(MATERIAL PROVIDED):
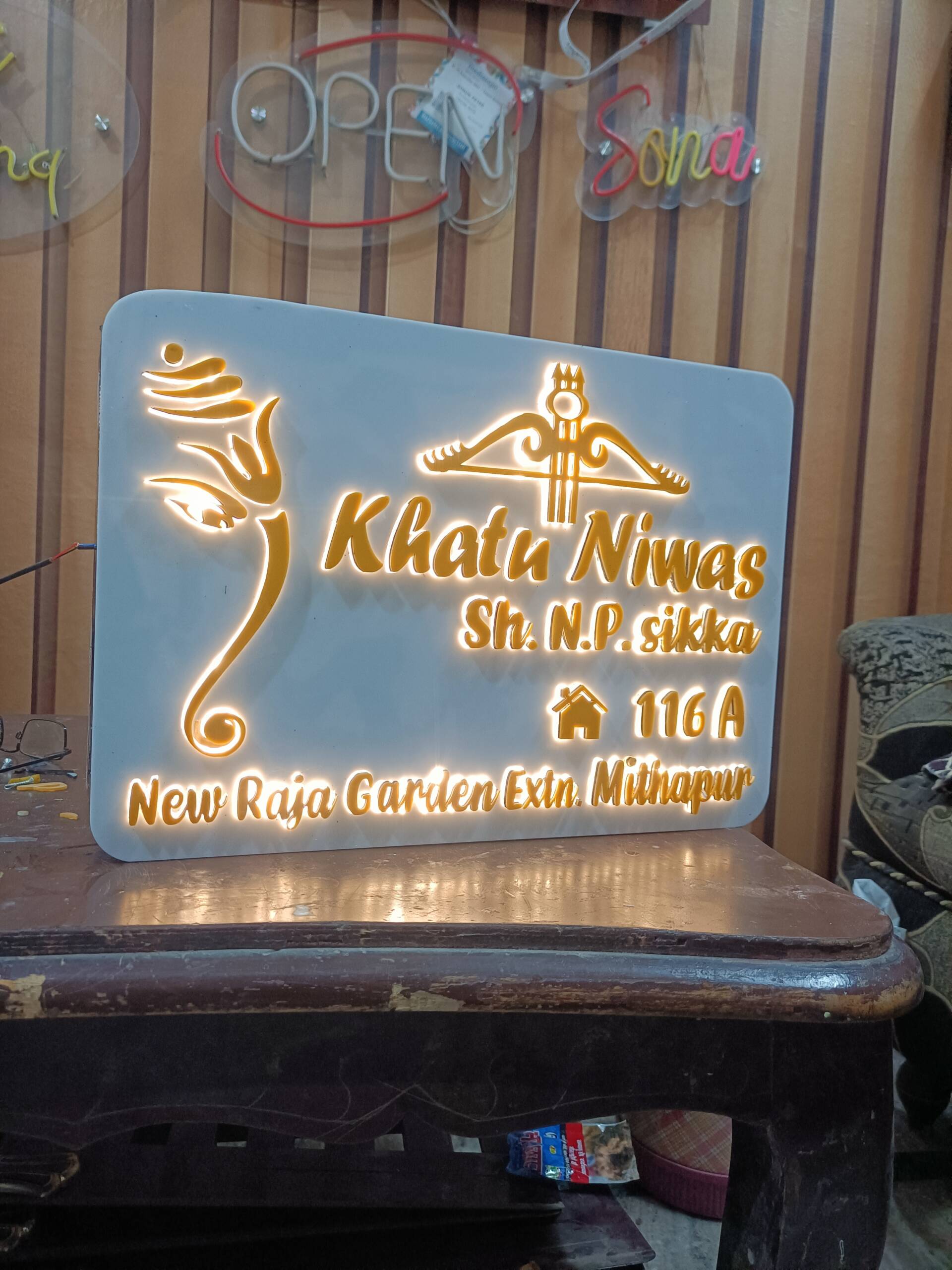 यह प्रीमियम 3D रेज्ड साइनबोर्ड सिर्फ एक नेमप्लेट नहीं, बल्कि आपके स्पेस के लिए एक शानदार आर्ट पीस है।
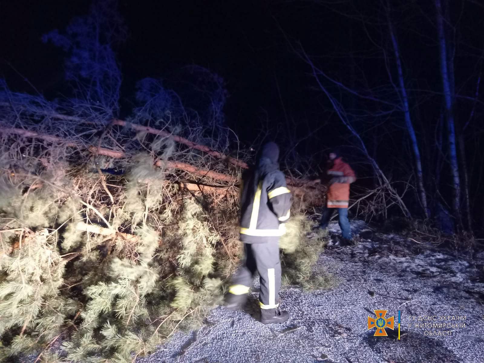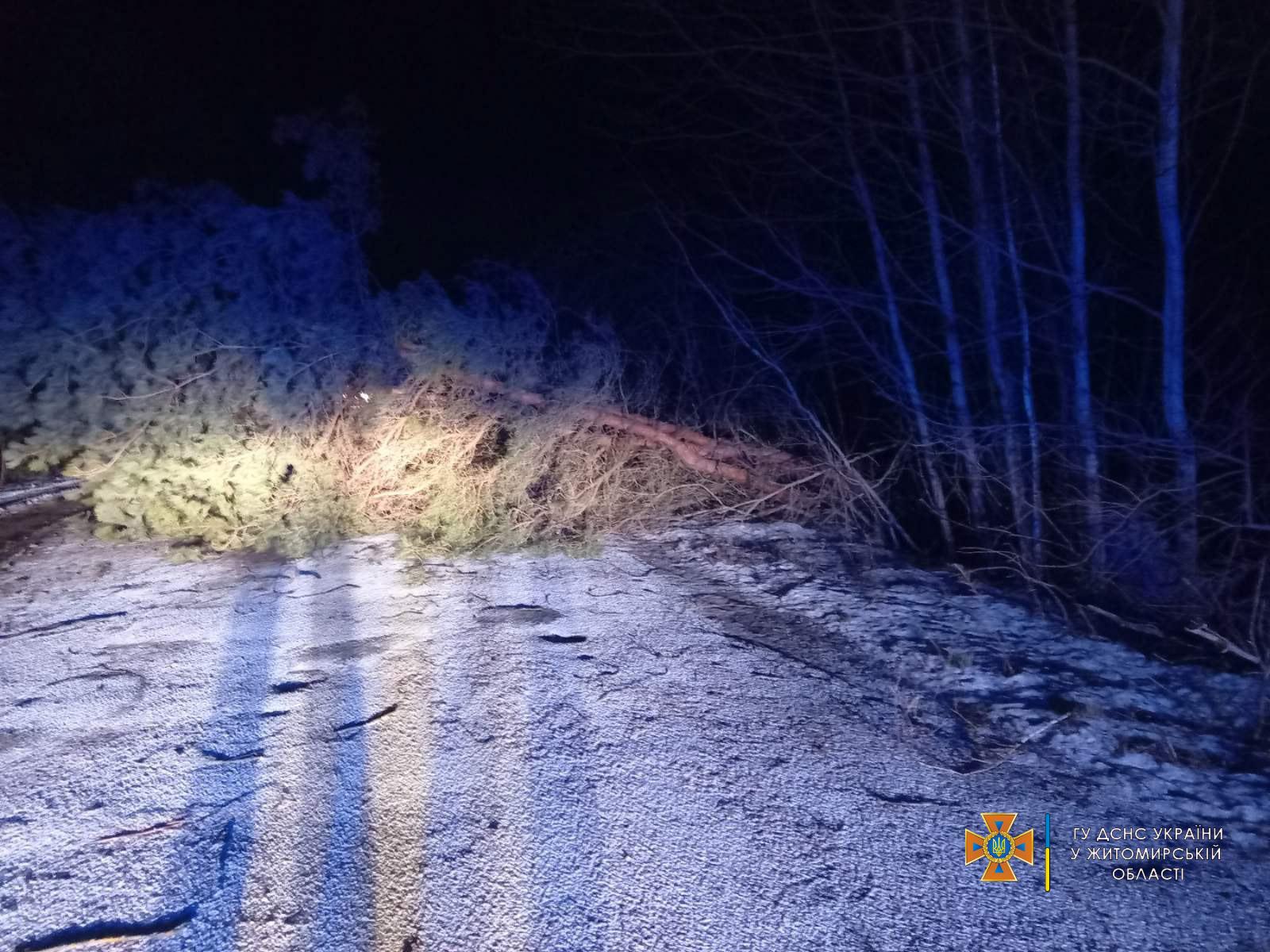 Шквальний вітер до 30 м/с минулої доби у Житомирі та області повалив сотні дерев, транспортні зупинки, дорожні знаки, повідривав шифер із будинків та залишив без електропостачання 163 населені пункти.
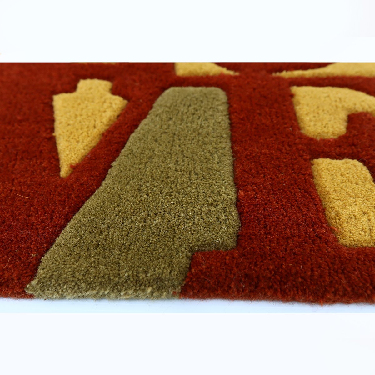 Robert Indiana decorative LOVE art rug in the ‘FALL’ edition of ambers, reds and browns.
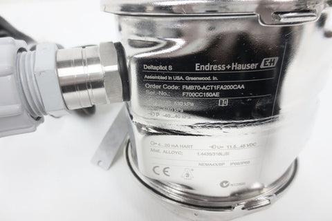 Excellent working condition, very clean, ready to connect. Endress + Hauser pressure transmitter model Deltapilot S, FMB70-ACT1FA200CAA. Long protected wire, ready to connect to your system. Specifications: NEMA4X/6P, IP66/IP68, MWP 530kPa, Span 4/40 kPa, P -40…40kPa, 4…20 mA HART, 11.5…45 VDC. Weighs 2.16 kg and measures 8 3/8 X 6 3/8 X 4 1/2 inches. From a closing plant in Oshawa, Ontario, Canada.
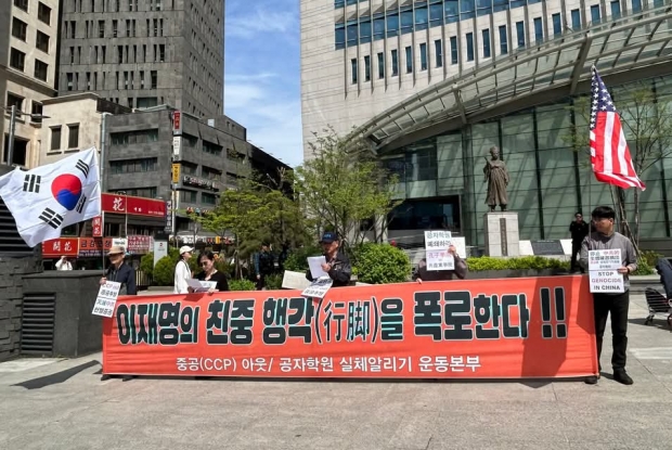 ‘중공아웃(CCP아웃)’과 ‘공자학원 실체알리기 운동본부(공실본)’는 23일 오후 2시 중국대사관 앞에서 기자회견을 열고 이재명 더불어민주당 전 대표에게 간첩법 개정안에 대한 공개 입장을 촉구했다.
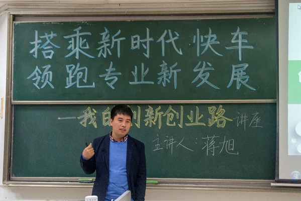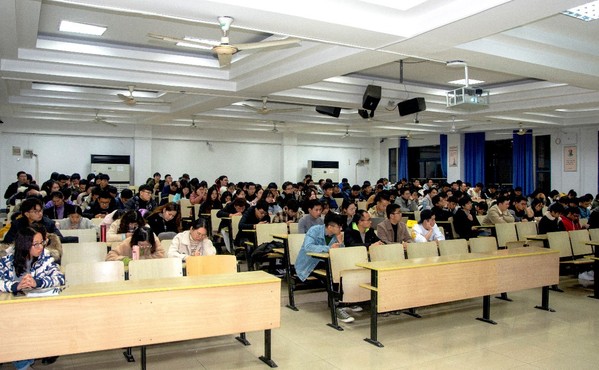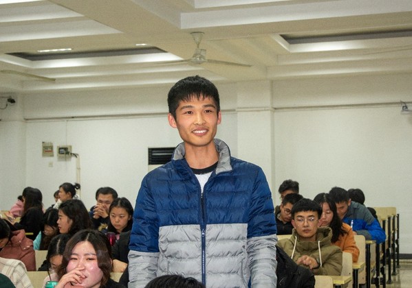 在互动环节中,同学们围绕着就业、升学以及青春的烦恼方面的问题向蒋旭先生提问,蒋旭先生用自身的经历一一的解答了大家的疑惑。在互动环节的最后,张广维副教授就如何面对创业的成功与失败的问题向蒋旭先生提问,蒋旭先生以深入浅出的分析和幽默风趣的语言赢得了在场学生老师们的阵阵掌声。

(WHAT THE TASK REQUIRES):
The entries above are to be returned exactly, without their pictures.

(REPLY):
 यह प्रीमियम 3D रेज्ड साइनबोर्ड सिर्फ एक नेमप्लेट नहीं, बल्कि आपके स्पेस के लिए एक शानदार आर्ट पीस है।
 Шквальний вітер до 30 м/с минулої доби у Житомирі та області повалив сотні дерев, транспортні зупинки, дорожні знаки, повідривав шифер із будинків та залишив без електропостачання 163 населені пункти.
 Robert Indiana decorative LOVE art rug in the ‘FALL’ edition of ambers, reds and browns.
 Excellent working condition, very clean, ready to connect. Endress + Hauser pressure transmitter model Deltapilot S, FMB70-ACT1FA200CAA. Long protected wire, ready to connect to your system. Specifications: NEMA4X/6P, IP66/IP68, MWP 530kPa, Span 4/40 kPa, P -40…40kPa, 4…20 mA HART, 11.5…45 VDC. Weighs 2.16 kg and measures 8 3/8 X 6 3/8 X 4 1/2 inches. From a closing plant in Oshawa, Ontario, Canada.
 ‘중공아웃(CCP아웃)’과 ‘공자학원 실체알리기 운동본부(공실본)’는 23일 오후 2시 중국대사관 앞에서 기자회견을 열고 이재명 더불어민주당 전 대표에게 간첩법 개정안에 대한 공개 입장을 촉구했다.
 在互动环节中,同学们围绕着就业、升学以及青春的烦恼方面的问题向蒋旭先生提问,蒋旭先生用自身的经历一一的解答了大家的疑惑。在互动环节的最后,张广维副教授就如何面对创业的成功与失败的问题向蒋旭先生提问,蒋旭先生以深入浅出的分析和幽默风趣的语言赢得了在场学生老师们的阵阵掌声。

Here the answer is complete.